Michigan-based Trinity Health moves up bond sale to beat tax law changes

DALLAS -- Michigan-based Trinity Health Credit Group is coming to market with a roughly $1 billion bond offering that will be sold ahead of its original schedule because of the House GOP tax bill that could end its ability to issue tax-exempt debt after Dec. 31.

The group plans to sell the bonds Wednesday.

“Given the uncertainty around potential tax reform, specifically as it relates to the elimination of private activity bonds and advanced refundings, we believe it is in our best interest to accelerate our bond offering and to come to market ahead of schedule," the group said in an emailed statement.

The bill that cleared the House would eliminate tax-exempt advance refundings and private activity bonds for housing, private universities, not-for-profit hospitals, and other development projects after Dec. 31. The Senate Republican proposal preserves PABs but still puts advance refundings on the chopping block.

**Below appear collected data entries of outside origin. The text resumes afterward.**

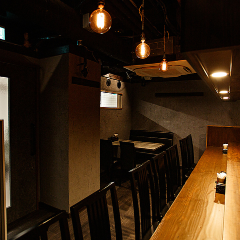 神戸三宮で店を構えるのは店主の地元だから。場所は東門街南側のすぐ目の前、駅からも近い最高の立地であなたに最高のひと時をお届けします。照明を抑えた店内は少し暗いですが大人の隠れ家としてデートにぴったりです。テーブル席もご用意しており飲み会も◎!8名~半個室を全て使えるので、宴会時も周りを気にせずお楽しみいただけます。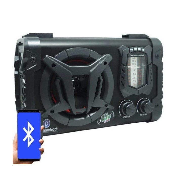 Caixa Som Amplificada Portátil Bluetooth 45W Rms Mp3 Fm USB SD Aux Bivolt Bateria Amvox Aca 90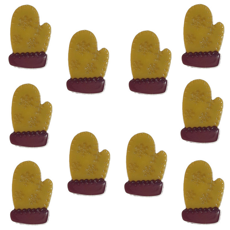 10 عدد دکمه طرح دستکش سایز 1.2x1.9 سانتی متر رنگ زرد کمی مایل به خردلی_بنفش.طرح و رنگ طبق عکس ارسال می شود.مناسب لباس کودک کاردستی و تزئینات هنری عروسک سازی و غیره.لطفا به ابعاد دکمه دقت بفرمایید.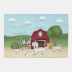 Destei's original cartoon illustration of a cute English cream coat colour Golden Retriever breed dog at a farm. There is a red barn behind the dog with some hay on the side of the entrance. There are also two chickens nearby the dog, a black and white cow behind a fence and a cute sheep by a tree. The background features green grassy hills and a blue sky with clouds.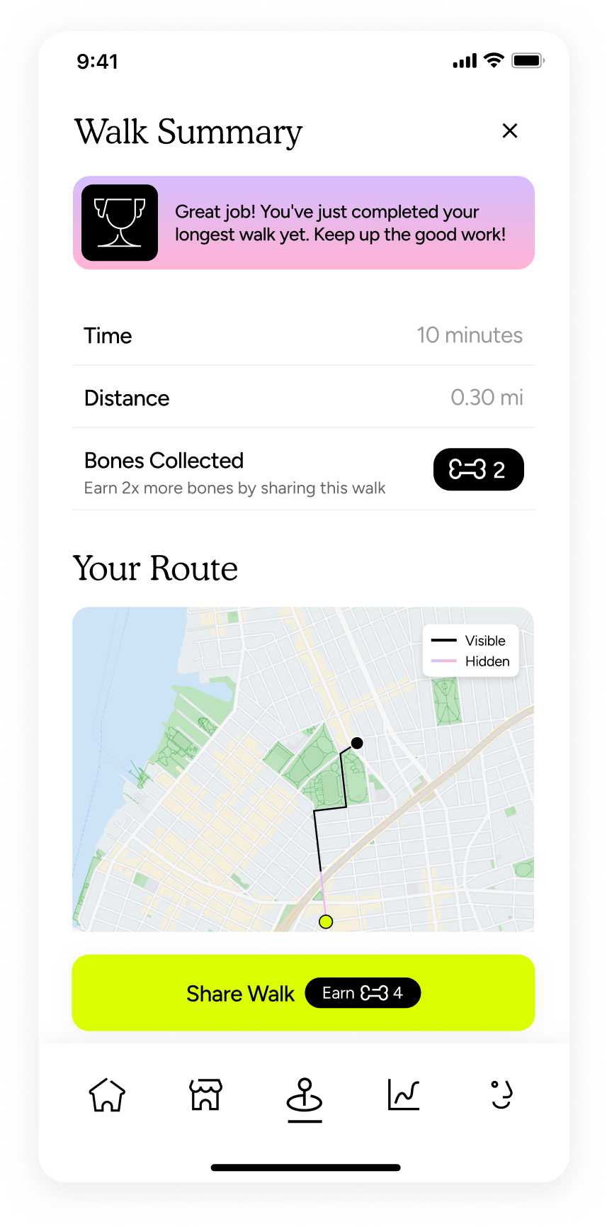 Introduce more milestones for users to achieve together and share with friends. For example, a walking challenge could motivate users to complete a set number of walks that can be shared in the feed with other users.

GOP leaders are aiming for reconciliation between the two in mid-December.

MacNeal Hospital, Trinity Health, Loyola, Berwyn, Illinois

Trinity’s offering will include both tax-exempt and taxable bonds.

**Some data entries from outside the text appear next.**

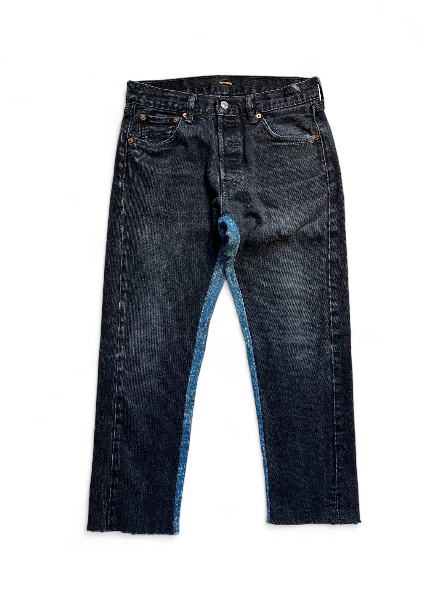 ウエストサイズ約29インチのblackのMate Jeanです。これはコンディションの良いblack Denimをベースに作られています。インディゴの合わせに関しても単色のインディゴとの組み合わせがすっきりとかっこいい1本に仕上がっています。レザージャケットなどと合わせてもいいですね。A FRIEND MADEのデニムを初めて手に取る方にもコーディネイトに取り入れやすいはずなのでおすすめです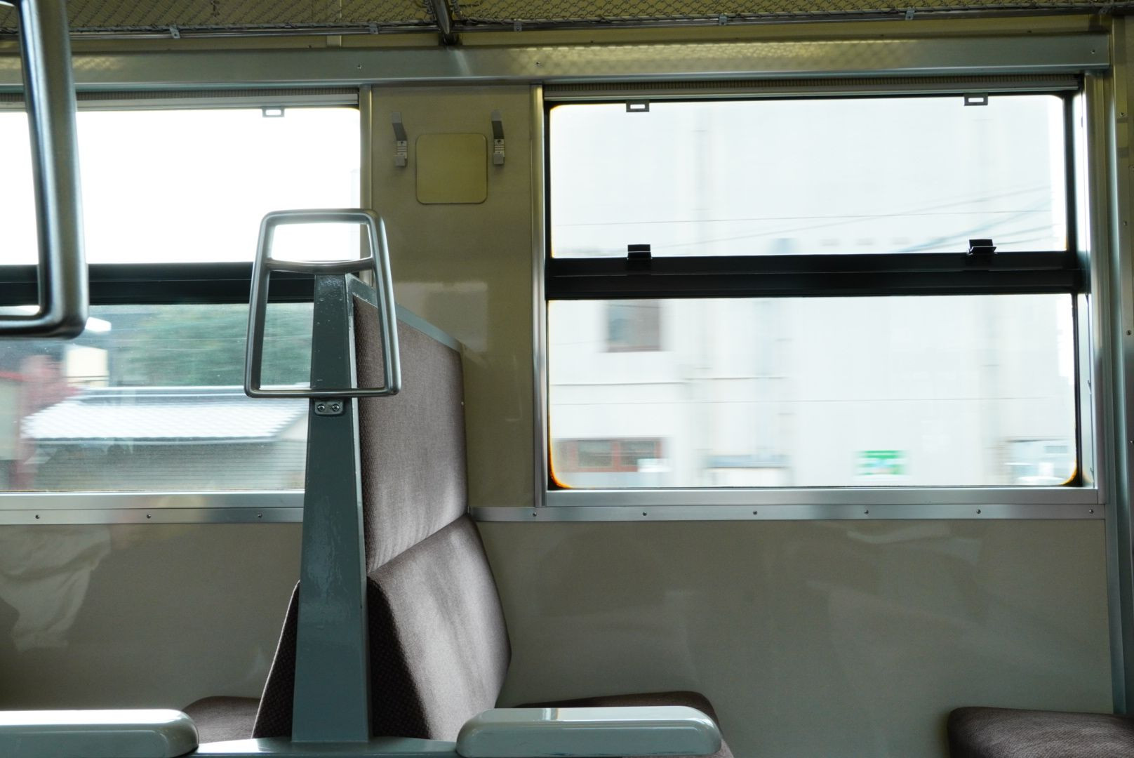 通勤途中日ごろは席埋まるのですが春休み中でがらんとした車内光景を撮りました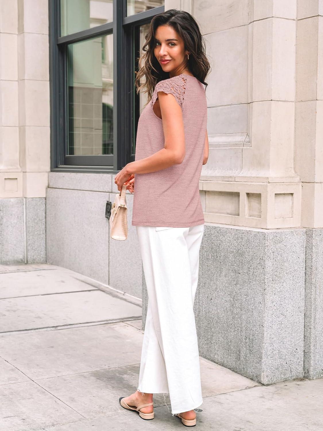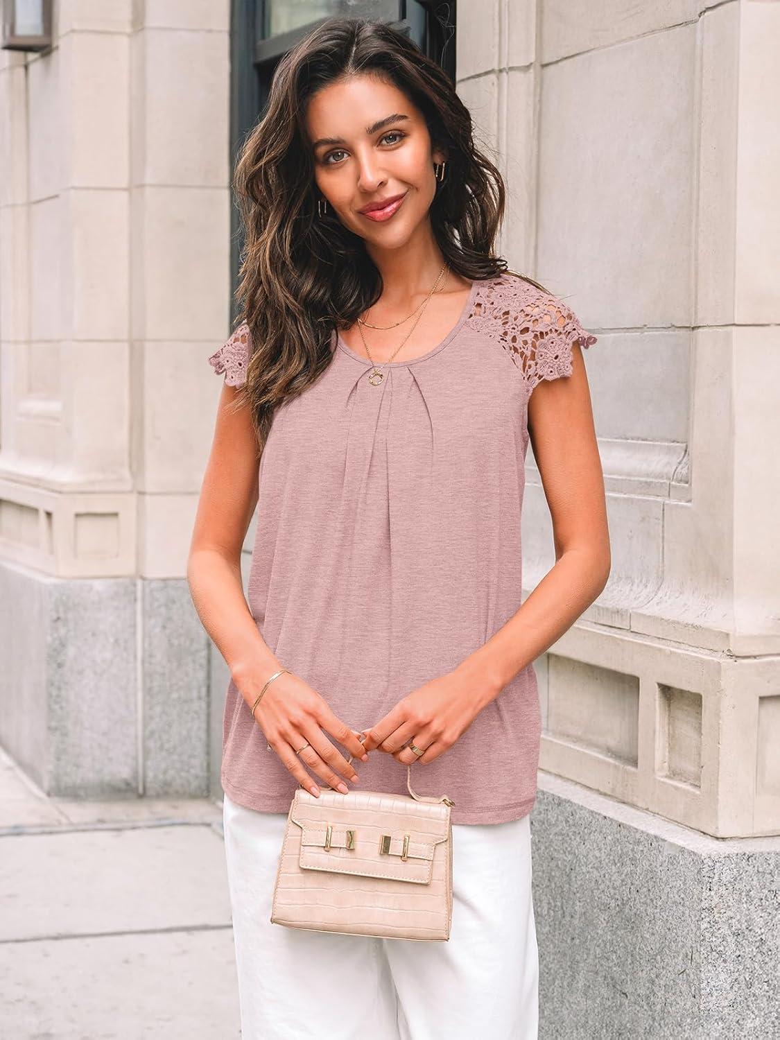 AUTOMET Womens Lace Tops Pleated Short Sleeve Shirts Summer Business Casual Dressy Blouses(Light Pink)

Bank of America Merrill Lynch is senior manager on $900 million of tax-exempt bonds next Wednesday. Roughly $775 million will be offered through the Michigan Finance Authority, $43 million will be issued through the Idaho Health Facilities Authority and $75 million will be issued via the Franklin County, Ohio.

Additionally there will be a conversion of approximately $300 million of variable-rate bonds to fixed rate through a remarketing. The bonds will be largely in Michigan and also a smaller portion in Pennsylvania. The use of proceeds will include reimbursement and future capital financing of a portion of the purchase price of MacNeal hospital in Chicago, a transaction that will close next year.

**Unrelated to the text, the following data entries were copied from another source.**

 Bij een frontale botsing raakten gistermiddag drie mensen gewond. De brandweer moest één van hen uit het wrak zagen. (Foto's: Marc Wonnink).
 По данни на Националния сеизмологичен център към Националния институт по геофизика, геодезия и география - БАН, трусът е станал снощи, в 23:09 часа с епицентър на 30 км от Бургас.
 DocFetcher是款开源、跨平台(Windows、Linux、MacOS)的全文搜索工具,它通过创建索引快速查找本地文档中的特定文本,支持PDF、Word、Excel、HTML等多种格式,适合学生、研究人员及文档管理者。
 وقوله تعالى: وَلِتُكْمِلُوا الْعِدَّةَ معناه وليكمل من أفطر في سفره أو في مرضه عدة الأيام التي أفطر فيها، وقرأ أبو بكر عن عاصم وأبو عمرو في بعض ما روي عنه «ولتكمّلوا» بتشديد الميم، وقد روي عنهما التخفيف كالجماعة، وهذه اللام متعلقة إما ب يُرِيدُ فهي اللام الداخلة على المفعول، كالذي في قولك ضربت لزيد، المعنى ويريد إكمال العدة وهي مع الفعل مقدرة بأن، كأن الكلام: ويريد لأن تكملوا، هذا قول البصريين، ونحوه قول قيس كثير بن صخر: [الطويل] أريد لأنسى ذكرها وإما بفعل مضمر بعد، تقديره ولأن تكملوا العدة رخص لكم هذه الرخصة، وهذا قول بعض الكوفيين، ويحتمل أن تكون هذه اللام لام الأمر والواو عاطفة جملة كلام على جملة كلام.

Roughly $500 million of the tax-exempt bonds are refundings, according to Jeff Newhams, managing director of Bank of America Merrill Lynch. “It is important to note that these refundings are rate sensitive and will be subject to completion based upon meeting minimum saving perimeters,” Newhams said in an investor presentation. The group said it is anticipating about $45 million in present value savings.

The taxable offer will be led by Goldman Sachs. There will be two components: a $60 million new issue with multiple maturities and an additional $70 million of bonds that will be issued under a reopening of the 2015 taxable CUSIP that will make the bonds index eligible because of the original $350 million size of the 2015 issue, according to Newhams.

The proceeds of the taxable issue will be used to refund certain bonds and will also be used to refund the purchase of MacNeal Hospital.

The financial advisor on the bond offering is Melio & Co. and bond counsel is Hawkins Delafield & Wood. Moody’s Investor Service affirmed its Aa3 rating on the bonds ahead of the sale.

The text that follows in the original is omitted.